* [How to complete this task]:
Transcribe every line of the material below without change, apart from dropping the pictures.

*** Stored data ***

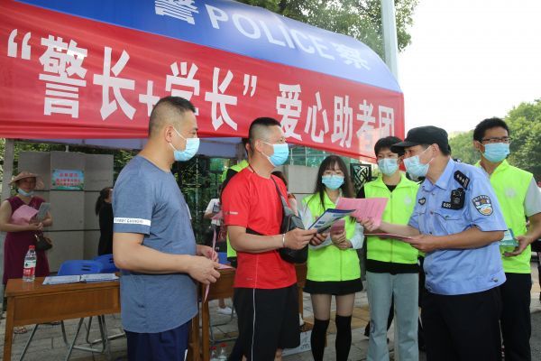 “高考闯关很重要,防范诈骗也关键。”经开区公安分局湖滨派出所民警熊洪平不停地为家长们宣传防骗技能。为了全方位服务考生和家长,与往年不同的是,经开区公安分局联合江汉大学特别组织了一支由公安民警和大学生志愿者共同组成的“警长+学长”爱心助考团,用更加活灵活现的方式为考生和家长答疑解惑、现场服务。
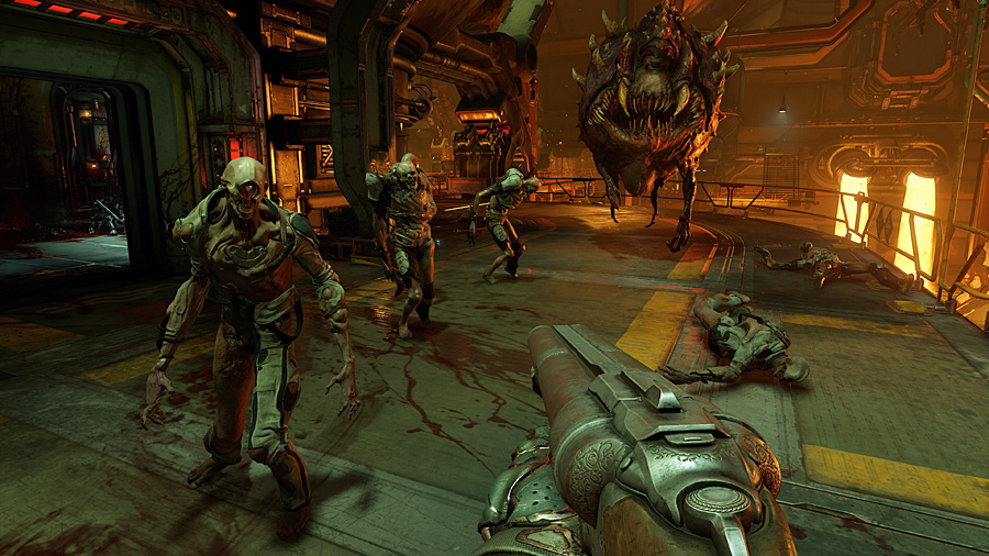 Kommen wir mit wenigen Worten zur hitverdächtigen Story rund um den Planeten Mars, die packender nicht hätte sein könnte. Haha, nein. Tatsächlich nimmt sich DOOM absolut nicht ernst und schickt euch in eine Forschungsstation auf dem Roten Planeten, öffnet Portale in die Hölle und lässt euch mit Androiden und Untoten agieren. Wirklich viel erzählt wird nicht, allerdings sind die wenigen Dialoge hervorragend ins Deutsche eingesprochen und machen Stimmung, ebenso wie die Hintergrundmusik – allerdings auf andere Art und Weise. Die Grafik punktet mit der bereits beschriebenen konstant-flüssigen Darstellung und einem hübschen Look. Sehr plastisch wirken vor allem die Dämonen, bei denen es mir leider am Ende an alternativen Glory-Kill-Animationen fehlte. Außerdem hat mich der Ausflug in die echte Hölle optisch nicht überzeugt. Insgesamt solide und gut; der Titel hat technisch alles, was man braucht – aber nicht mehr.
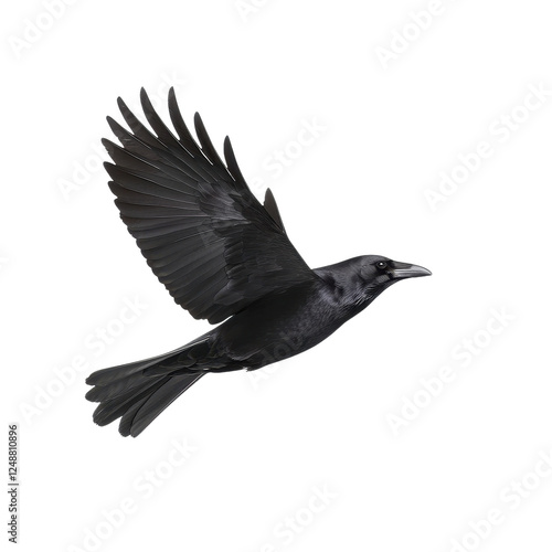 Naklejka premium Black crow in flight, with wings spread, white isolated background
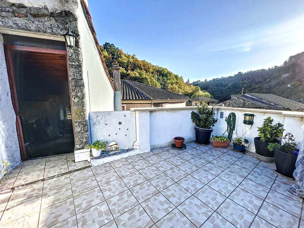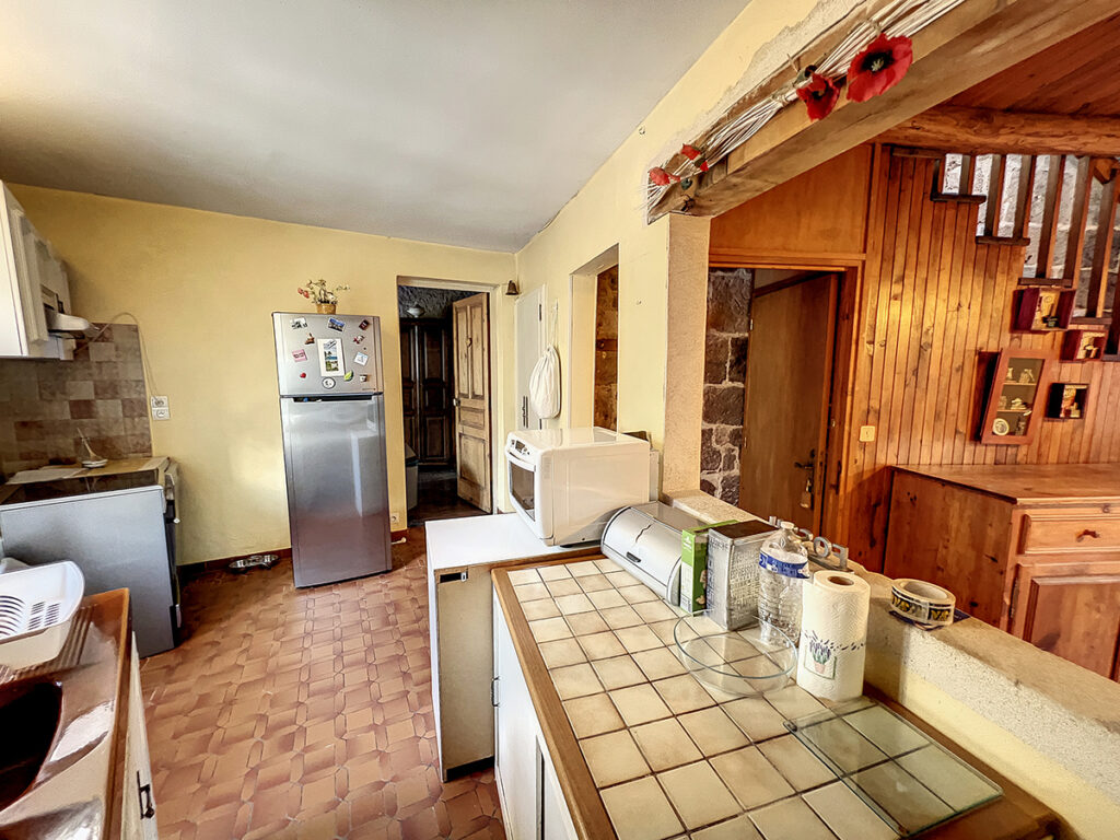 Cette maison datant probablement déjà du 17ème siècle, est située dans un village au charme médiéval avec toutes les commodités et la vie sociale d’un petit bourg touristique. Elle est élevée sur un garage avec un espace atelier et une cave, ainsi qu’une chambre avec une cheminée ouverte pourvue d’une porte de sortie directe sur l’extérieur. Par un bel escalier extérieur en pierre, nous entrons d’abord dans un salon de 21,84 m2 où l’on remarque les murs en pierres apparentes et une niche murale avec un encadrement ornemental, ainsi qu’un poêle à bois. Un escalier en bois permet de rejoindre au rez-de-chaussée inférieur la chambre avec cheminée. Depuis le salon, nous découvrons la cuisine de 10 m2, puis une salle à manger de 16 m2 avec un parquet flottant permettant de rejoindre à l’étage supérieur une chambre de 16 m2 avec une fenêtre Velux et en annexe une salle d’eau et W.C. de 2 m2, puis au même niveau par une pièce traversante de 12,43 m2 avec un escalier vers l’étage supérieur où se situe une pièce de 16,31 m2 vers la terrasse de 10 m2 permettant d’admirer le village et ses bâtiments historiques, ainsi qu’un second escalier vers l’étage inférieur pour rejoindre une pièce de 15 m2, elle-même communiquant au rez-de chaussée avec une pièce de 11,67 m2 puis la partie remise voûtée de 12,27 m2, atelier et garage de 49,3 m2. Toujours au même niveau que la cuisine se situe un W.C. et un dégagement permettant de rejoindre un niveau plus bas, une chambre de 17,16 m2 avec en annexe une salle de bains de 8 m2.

*** End of Stored data ***

* [Solved problem]:
 “高考闯关很重要,防范诈骗也关键。”经开区公安分局湖滨派出所民警熊洪平不停地为家长们宣传防骗技能。为了全方位服务考生和家长,与往年不同的是,经开区公安分局联合江汉大学特别组织了一支由公安民警和大学生志愿者共同组成的“警长+学长”爱心助考团,用更加活灵活现的方式为考生和家长答疑解惑、现场服务。
 Kommen wir mit wenigen Worten zur hitverdächtigen Story rund um den Planeten Mars, die packender nicht hätte sein könnte. Haha, nein. Tatsächlich nimmt sich DOOM absolut nicht ernst und schickt euch in eine Forschungsstation auf dem Roten Planeten, öffnet Portale in die Hölle und lässt euch mit Androiden und Untoten agieren. Wirklich viel erzählt wird nicht, allerdings sind die wenigen Dialoge hervorragend ins Deutsche eingesprochen und machen Stimmung, ebenso wie die Hintergrundmusik – allerdings auf andere Art und Weise. Die Grafik punktet mit der bereits beschriebenen konstant-flüssigen Darstellung und einem hübschen Look. Sehr plastisch wirken vor allem die Dämonen, bei denen es mir leider am Ende an alternativen Glory-Kill-Animationen fehlte. Außerdem hat mich der Ausflug in die echte Hölle optisch nicht überzeugt. Insgesamt solide und gut; der Titel hat technisch alles, was man braucht – aber nicht mehr.
 Naklejka premium Black crow in flight, with wings spread, white isolated background
 Cette maison datant probablement déjà du 17ème siècle, est située dans un village au charme médiéval avec toutes les commodités et la vie sociale d’un petit bourg touristique. Elle est élevée sur un garage avec un espace atelier et une cave, ainsi qu’une chambre avec une cheminée ouverte pourvue d’une porte de sortie directe sur l’extérieur. Par un bel escalier extérieur en pierre, nous entrons d’abord dans un salon de 21,84 m2 où l’on remarque les murs en pierres apparentes et une niche murale avec un encadrement ornemental, ainsi qu’un poêle à bois. Un escalier en bois permet de rejoindre au rez-de-chaussée inférieur la chambre avec cheminée. Depuis le salon, nous découvrons la cuisine de 10 m2, puis une salle à manger de 16 m2 avec un parquet flottant permettant de rejoindre à l’étage supérieur une chambre de 16 m2 avec une fenêtre Velux et en annexe une salle d’eau et W.C. de 2 m2, puis au même niveau par une pièce traversante de 12,43 m2 avec un escalier vers l’étage supérieur où se situe une pièce de 16,31 m2 vers la terrasse de 10 m2 permettant d’admirer le village et ses bâtiments historiques, ainsi qu’un second escalier vers l’étage inférieur pour rejoindre une pièce de 15 m2, elle-même communiquant au rez-de chaussée avec une pièce de 11,67 m2 puis la partie remise voûtée de 12,27 m2, atelier et garage de 49,3 m2. Toujours au même niveau que la cuisine se situe un W.C. et un dégagement permettant de rejoindre un niveau plus bas, une chambre de 17,16 m2 avec en annexe une salle de bains de 8 m2.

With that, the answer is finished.